Copy the lines below exactly, starting at the one with "Charming Ank Rouge" and ending at the one with "As part of the", and leave out any picture.
════
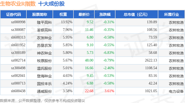 近10日内生物农业R(480072)指数成份股做了调整,新纳入了7只股票。
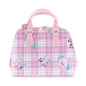 Charming Ank Rouge handbag featuring a rose and summer berry print over a pink and purple plaid pattern. Satin ribbons add a touch of femininity. Features functional inside pockets, sturdy handles, and a detachable shoulder strap. Imported from Japan. New with tags condition. Big enough to hold all your essentials! Smoke free home but we do have pets. BIN30
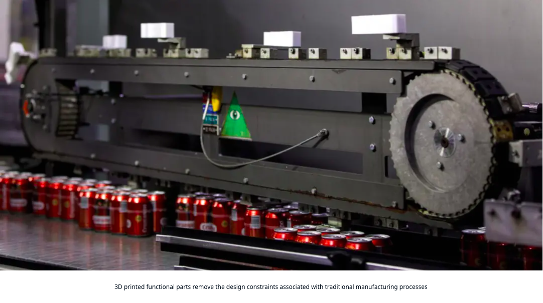 La fabrica de bere din Sevilla, echipa lui Juan a reușit să înlocuiască diverse piese reproiectate cu un design optimizat. De exemplu, o piesă metalică utilizată cu un senzor de calitate pe o bandă transportoare ar răsturna deseori sticlele, creând un blocaj sau aruncând sticle bune pe jos. Piesele imprimate 3D reproiectate au împiedicat această problemă, economisind sticle, bani și timp.
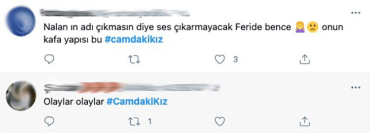 - “Nalan’ın adı çıkmasın diye ses çıkarmayacak Feride bence. Onun kafa yapısı bu”, “Olaylar, olaylar”
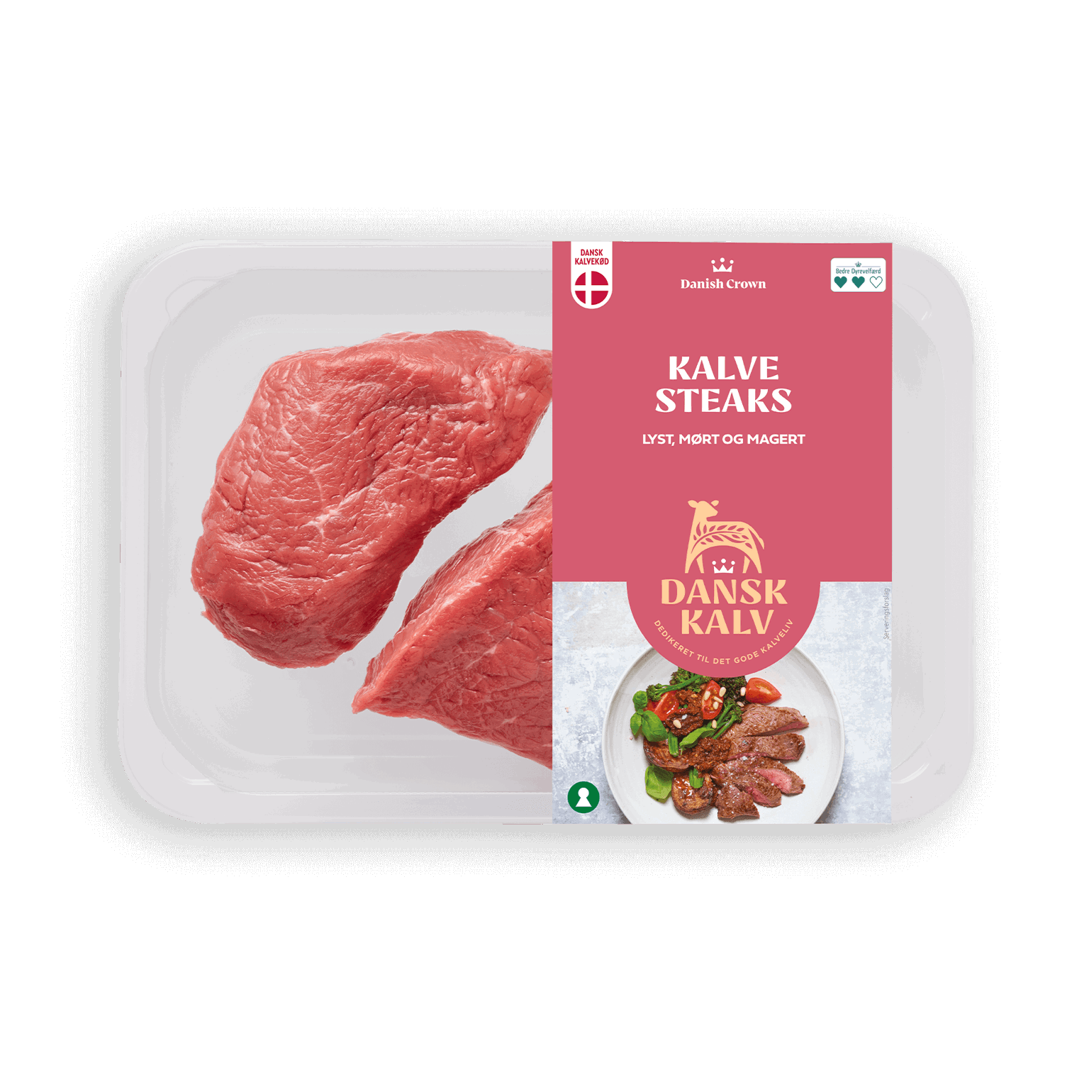 300 gDansk Kalv fra Danish Crown er dedikeret til et bedre kalveliv. Det er skabt for at give dig muligheden for at vælge dansk kalvekød med bedre dyrevelfærd og fremragende spisekvalitet. Kalvesteaks er skåret af
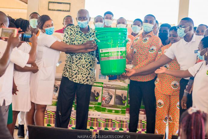As part of the initiative, NASPA made a donation of detergents, sanitisers, and rolls of tissue papers to the Cape Coast Metropolitan Hospital. SHAPE Attitude Ghana gave trash bins and posters to NASPA which were also donated to the hospital.
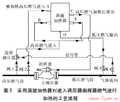 采用渦漩加熱器對(duì)進(jìn)入調(diào)壓器指揮器燃?xì)膺M(jìn)行加熱的工藝流程見圖5。
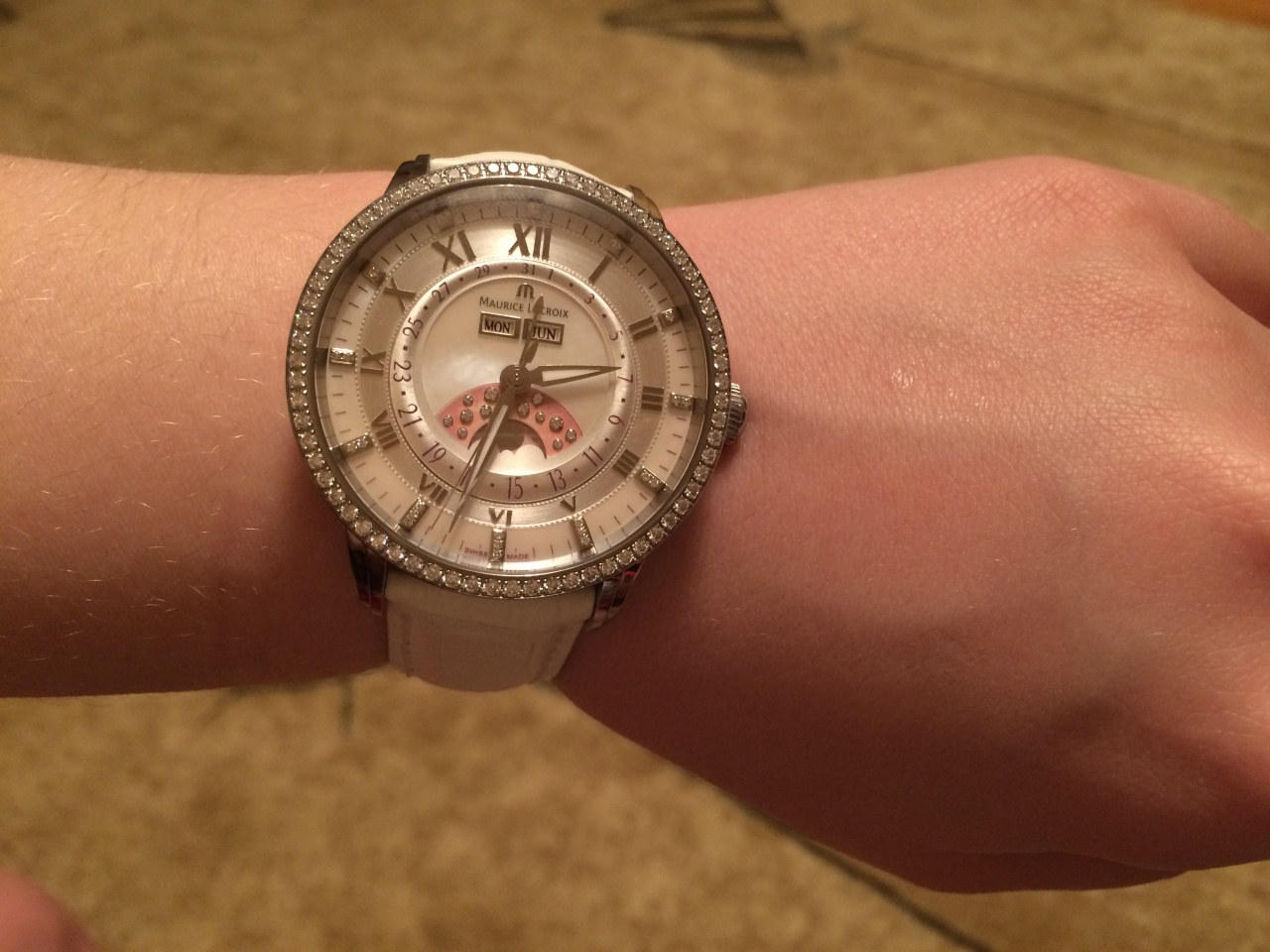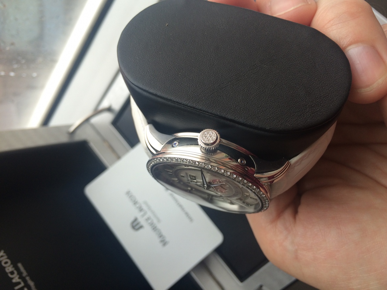 Продам Maurice Lacroix в массивном стальном корпусе диаметром 41мм, инкрустированном 67 бриллиантами(1.12 карат) трёх-рядный циферблат из серебра и перламутра. Над аппертурой фазы Луны дизайнеры разместили звездное небо из драгоценной россыпи бриллиантов. Для соблюдения оптического равновесия шкалы всех трёх циферблатов децентрализованы относительно друг друга. Сердце часов - автоматический калибр на 25 камнях. Полюбоваться которыми можно сквозь заднюю прозрачную крышку и скелетизированный ротор.
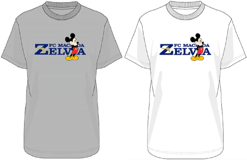 胸にチームのロゴとミッキーマウスをデザインするTシャツ。色はグレーとホワイトの2色展開。
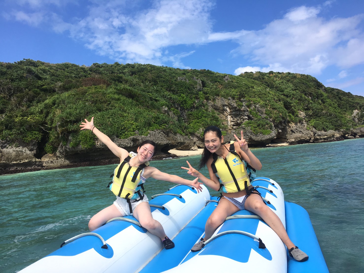 【沖縄・古宇利島・バナナボート】1グループ毎の貸し切りにてご案内!当店一番人気プラン!バナナボートで古宇利島一周プラン カップル、女性、ファミリーに人気♪【直前予約可能】2026年6月30日まで
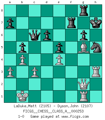 Last move : 1-0 2022 June 29 15:54:27 [Event "FICGS__CHESS__CLASS_A__000253"] [Site "FICGS"] [Date "2021.11.25"] [Round "1"] [White "LaDuke,Matt"] [Black "Dyson,John"] [Result "1-0"] [WhiteElo "2105"] [BlackElo "2107"] 1.e4 c5 2.Nc3 Nc6 3.Nf3 g6 4.d4 cxd4 5.Nxd4 Bg7 6.Be3 Nf6 7.Bc4 O-O 8.Bb3 d6 9.f3 Na5 10.Qd2 Bd7 11.h4 h5 12.O-O-O Nxb3+ 13.cxb3 Rc8 14.Kb1 Qa5 15.a3 Kh7 16.Bg5 Qc5 17.Be3 Qa5 18.Bg5 Qc5 19.Rhe1 Rfe8 20.Re3 b5 21.Nc2 Bc6 22.b4 Qb6 23.g4 hxg4 24.h5 gxf3 25.hxg6+ fxg6 26.Qf2 Rf8 27.Qxf3 Nh5 28.Qg2 Rf7 29.Rg1 Bxc3 30.bxc3 Rg8 31.Nd4 e5 32.Nxc6 Qxc6 33.Rh3 1-0 This chess game has been lost on time (started : 2021.11.25 23:27:55) Sicilian : Closed, 2...Nc6 Kingside Castling by player Black (move 7) Queenside Castling by player White (move 12) Player White won this chess game. Follow this game move after move (download)It was clear to me that the vulnerable point of the American Grandmaster (Bobby Fischer) was in double-edged, hanging, irrational positions, where he often failed to find a win even in a won position. (Efim Geller) Fischer ist das größte Genie, das je vom Schachhimmel heruntergestiegen ist. (Mikhail Nekhemyevich Tal) Alguna parte de un error es siempre correcto. (Savielly Tartakover) Demandez au pauvre Cg1 ce qu'il en pense. Eduard Gufeld à propos de la variante Saemisch de l'Est-Indienne. It is not enough to be a good player... you must also play well. (Siegbert Tarrasch)
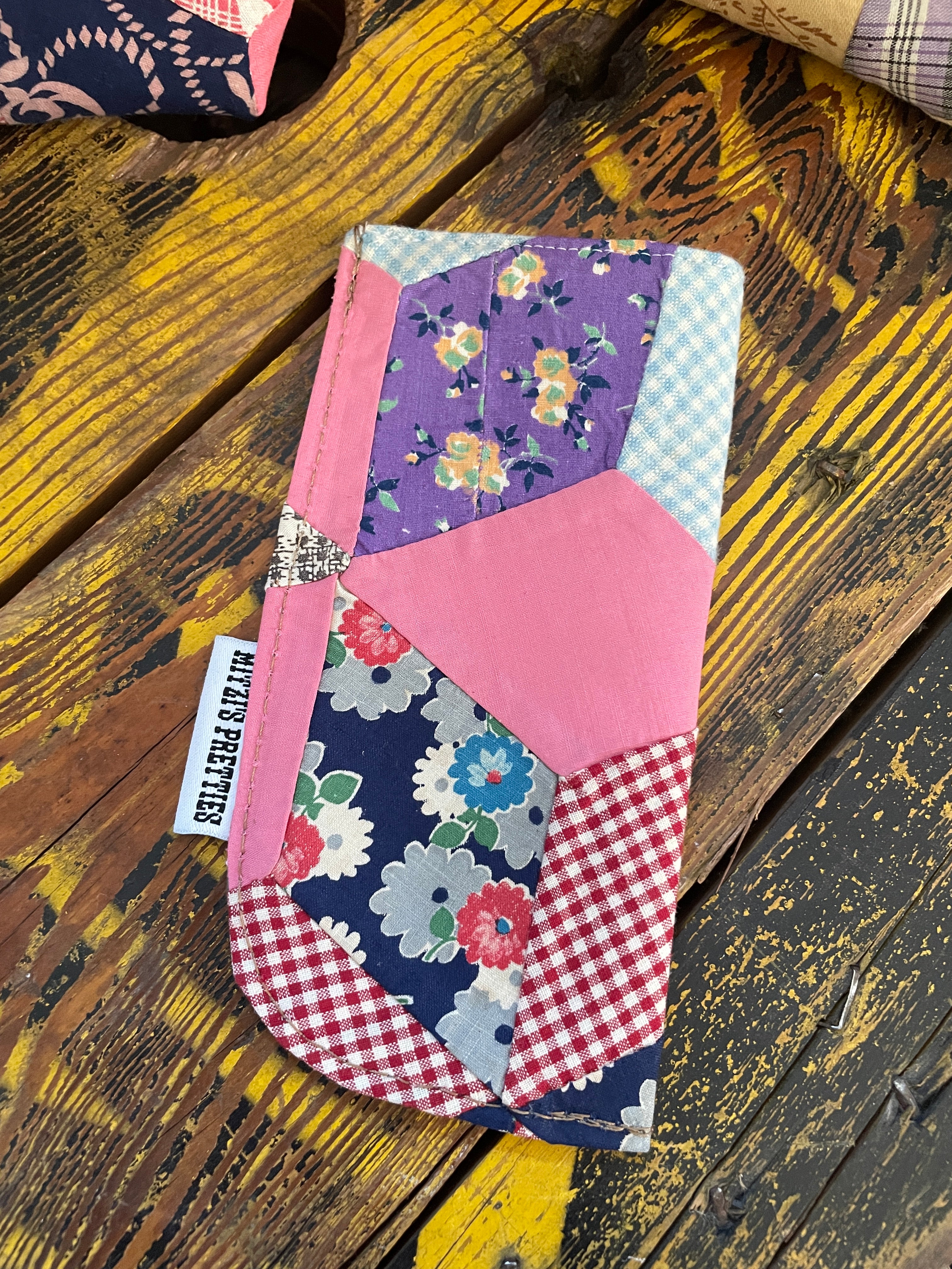 This little gem is perfect for storing your sunglasses. The quilt is hand stitched with love!
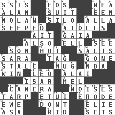 ACROSS 1. Fast planes 5. Greek goddess of the dawn 8. Teachers' org. 11. Actor Alda or Thicke 12. Set or collection 14. Car or cant ending 15. Pitcher Ryan 17. Grain storage tower 18. Silent film actress Nazimova 19. Oozed 21. Ringlike coral islands and reefs 23. Small island 25. Greek goddess of the earth (variant) 26. In addition 27. Pipe bend 28. Perceive with the eye 31. Male offspring 33. Being at a high temperature 35. Table seasonings 37. "Two Mules for Sister ____" 38. Label 40. Went 41. Lacking originality or spontaneity 43. Java container 45. Basketball assoc. 46. Victory 47. Lion 50. Jai _ 52. Austrian river, tributary to the Danube 53. Cartoonist voice _ Blanc 54. Device for capturing images 56. Annoying sounds 61. Canvas cover 62. Needle case 65. Eat (away) 66. She-sheep 67. Do not 68. Writer Wiesel 69. White ___ sheet 70. To free from 71. Arranges properly for use DOWN 1. Without 2. _ gin 3. Story 4. Fastener 5. Double-curved letter 6. Fr. "Yes" 7. Fodder prepared in a silo 8. 1994 drama film starring Jodie Foster 9. Snakelike fish 10. Santa ___, CA 13. "_____ Recall" 16. Actress Patricia 18. In the manner of 20. Food container 22. Lubricates 24. A blast of a horn 26. Of or related to the anus 28. Messy guy 29. Inactive volcano in Sicily 30. Compass dir. 31. Suttee (variant) 32. Northwest Algerian city 34. Scottish cap 36. Hindu god of fire 37. Compass dir. 39. Island territory of the United States 42. Otherwise 44. Small, secluded valley 48. Having ears or earlike features 49. Speaker 51. Medicinal plant 52. Mischievous child 54. Crow sounds 55. Length times width 57. Angers 58. Flatfish 59. Prepare for publication 60. Observes 61. Afternoon social gathering 63. Corn or form start 64. It would
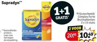 Kruidvat biedt naast de Supradyn een ruime collectie producten aan. Houd de wekelijkse Kruidvat folder in de gaten om de beste aanbiedingen en acties te vinden. Naast Supradyn, kunt u ook de volgende aanbiedingen vinden: Supradyn complex bruistabletten 15tb, Supradyn vital 50+ tabletten 95tb & Supradyn vital 50+ tabletten 35tb.
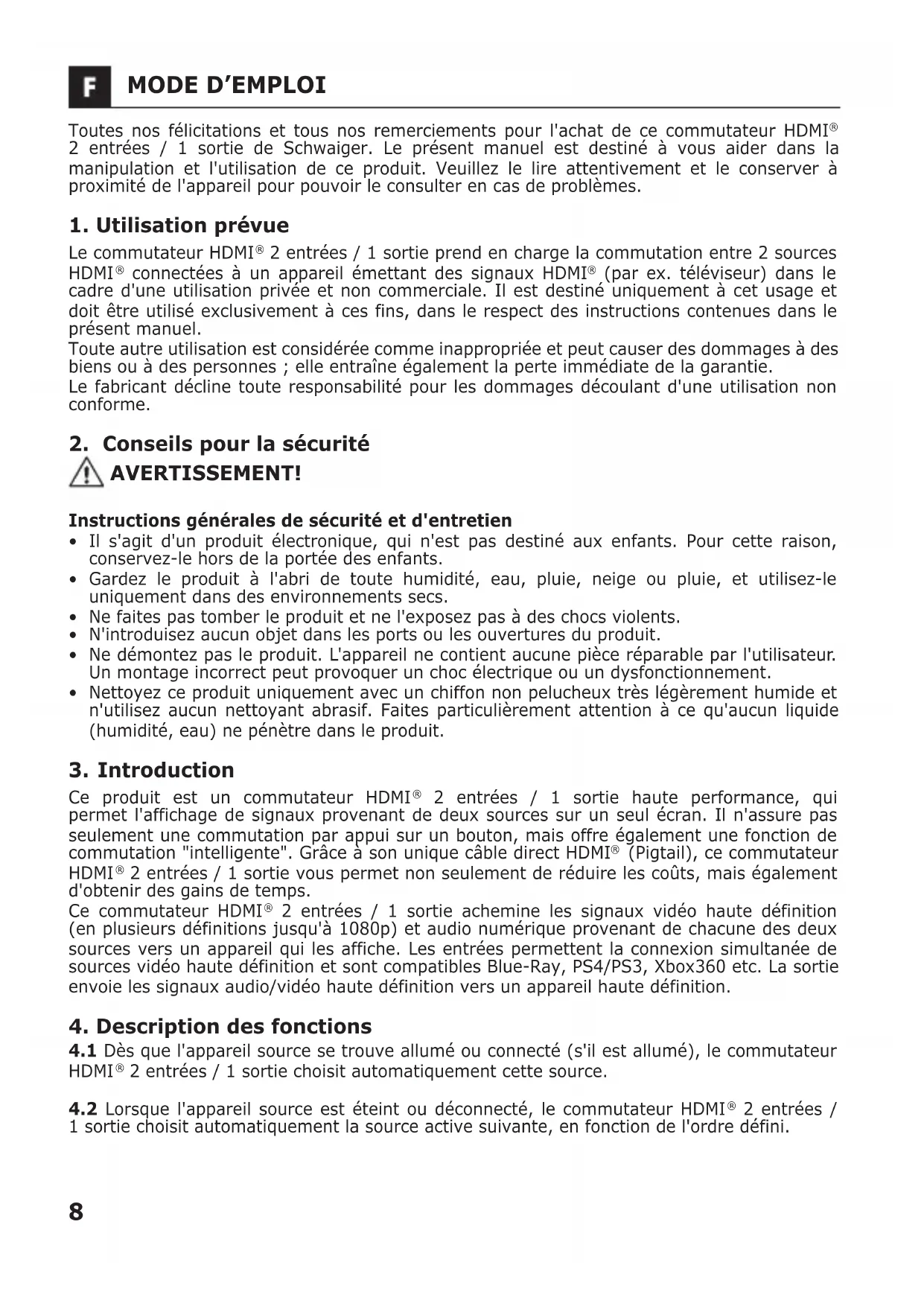 2 entrées / 1 sortie de Schwaiger. Le présent manuel est destiné à vous aider dans la manipulation et l'utilisation de ce produit. Veuillez le lire attentivement et le conserver à proximité de l'appareil pour pouvoir le consulter en cas de problèmes.
════
§ Worked solution:
 Charming Ank Rouge handbag featuring a rose and summer berry print over a pink and purple plaid pattern. Satin ribbons add a touch of femininity. Features functional inside pockets, sturdy handles, and a detachable shoulder strap. Imported from Japan. New with tags condition. Big enough to hold all your essentials! Smoke free home but we do have pets. BIN30
 La fabrica de bere din Sevilla, echipa lui Juan a reușit să înlocuiască diverse piese reproiectate cu un design optimizat. De exemplu, o piesă metalică utilizată cu un senzor de calitate pe o bandă transportoare ar răsturna deseori sticlele, creând un blocaj sau aruncând sticle bune pe jos. Piesele imprimate 3D reproiectate au împiedicat această problemă, economisind sticle, bani și timp.
 - “Nalan’ın adı çıkmasın diye ses çıkarmayacak Feride bence. Onun kafa yapısı bu”, “Olaylar, olaylar”
 300 gDansk Kalv fra Danish Crown er dedikeret til et bedre kalveliv. Det er skabt for at give dig muligheden for at vælge dansk kalvekød med bedre dyrevelfærd og fremragende spisekvalitet. Kalvesteaks er skåret af
As part of the initiative, NASPA made a donation of detergents, sanitisers, and rolls of tissue papers to the Cape Coast Metropolitan Hospital. SHAPE Attitude Ghana gave trash bins and posters to NASPA which were also donated to the hospital.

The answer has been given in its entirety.